The modern Universe is so big that nothing we can conceive of could possibly have dominion over it all? So even the concepts of a regional franchise God and Devil are discarded?
So what is Evil, what is Good? In this age, is Evil the deprivation of human rights and life up to the ultimate, mass murder? Is Good happiness in comfortable possession of material goods and interesting hobbies? Do we so depend on human laws to combat evil and apportion punishment; so that if the person isn’t caught and punished, that’s the end? It seems that so many political and business types operate as if they don’t fear the afterlife, that’s for sure
I always thought Evil, once you started to side with it, was the ultimate Unfairness in the afterlife, with no reprieve; while Good in the afterlife was painfully achieved but the ultimate Gratitude and Satisfaction. Now, everything stops with personal death. What is after death, nothing (at most, “violet light and a hum”)? Or reincarnation? Or, most terribly, continued exploitation (conf. Joe Haldeman and Harlan Ellison stories).
Hey, Inquisitor, just tossing philosophical Frisbees in the playground of my mind (conf. Niven). Don’t shoot them for skeet.
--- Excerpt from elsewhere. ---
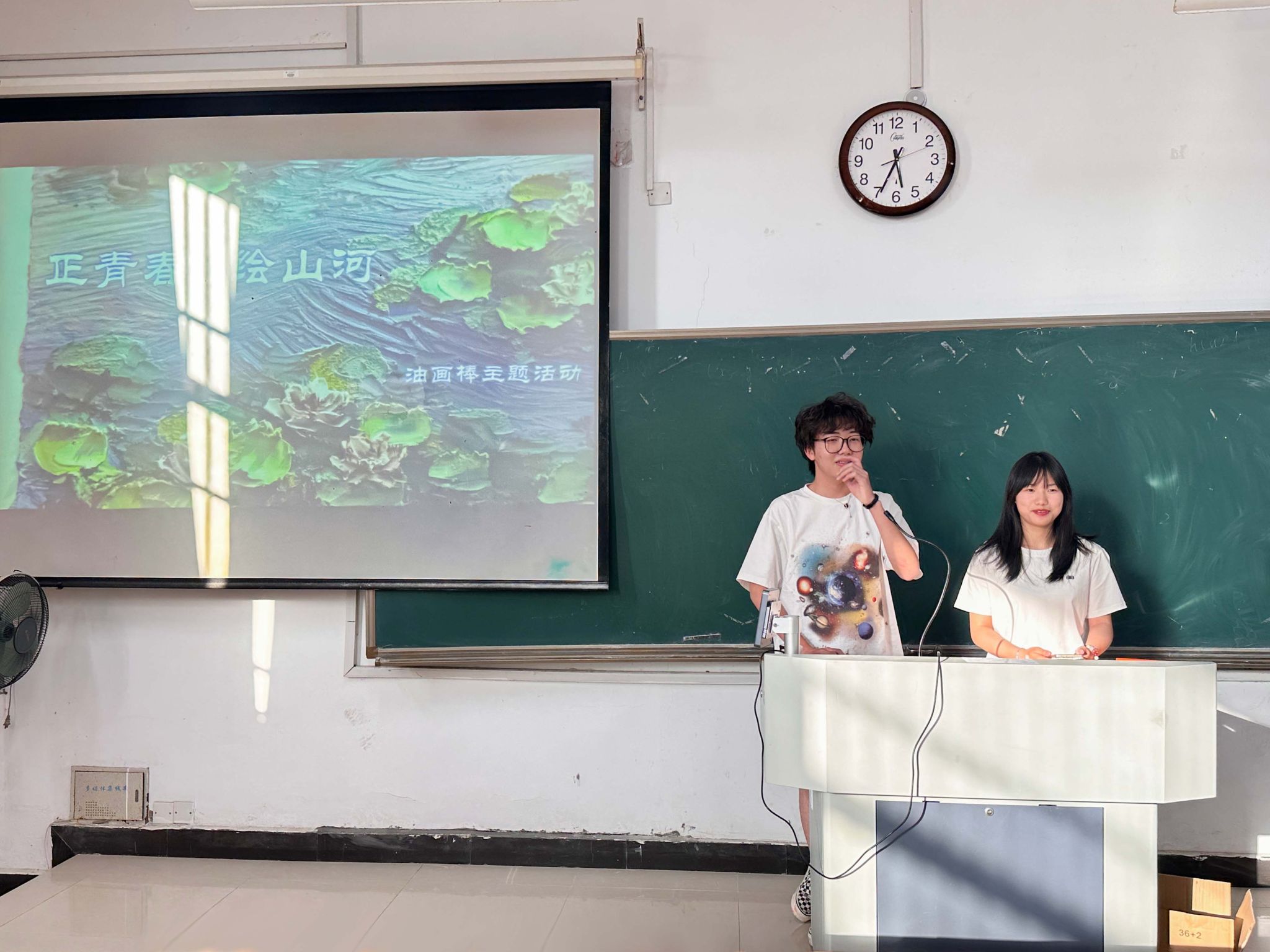 举办了主题为“正青春,绘山河”的油画棒绘画比赛,引导同学们通过绘画的形式展现出自己心目中的祖国。

Godfreydaniel said, 11 months ago
@emptc12
Considering that Benito Mussolini DOES escape from Hell in the Niven/Pournelle version, it’s hard to think of who might not be able to. (Dante put Brutus and Cassius with Judas right between Lucifer’s fangs as the three worst sinners of all, but c’mon, Julius Caesar slaughtered tons of Gauls when they weren’t looking, and it wasn’t exactly in self-defense…….) It’s very hard to escape from Hell, of course, but most sinners don’t even try, accepting their fate because deep down they think they deserve it. In my parody I put in a lot of modern people, from the obvious like Hitler, Mao, and Stalin, to Nixon and Ferdinand Marcos. Also people like Ken DeLay of Enron infamy, and more than one televangelist. (And Dr. Seuss’s first wife in the Wood of the Suicides, primarily for the shock value…………) I could actually accept a “regional” God (and Heaven and Hell) to some extent. (Let’s say each galaxy gets its own?) But then there’s that pesky multi-verse to consider………..
DrCanuck said, 11 months ago
@Spamgaard
(nurf nurf)
The Book of Job is so interesting. Supposedly, Satan is thrown out of Heaven and imprisoned at the beginning, yet much later in Job there he is, back in heaven, chatting with God and laying friendly bets.
They oughta get their stories straight.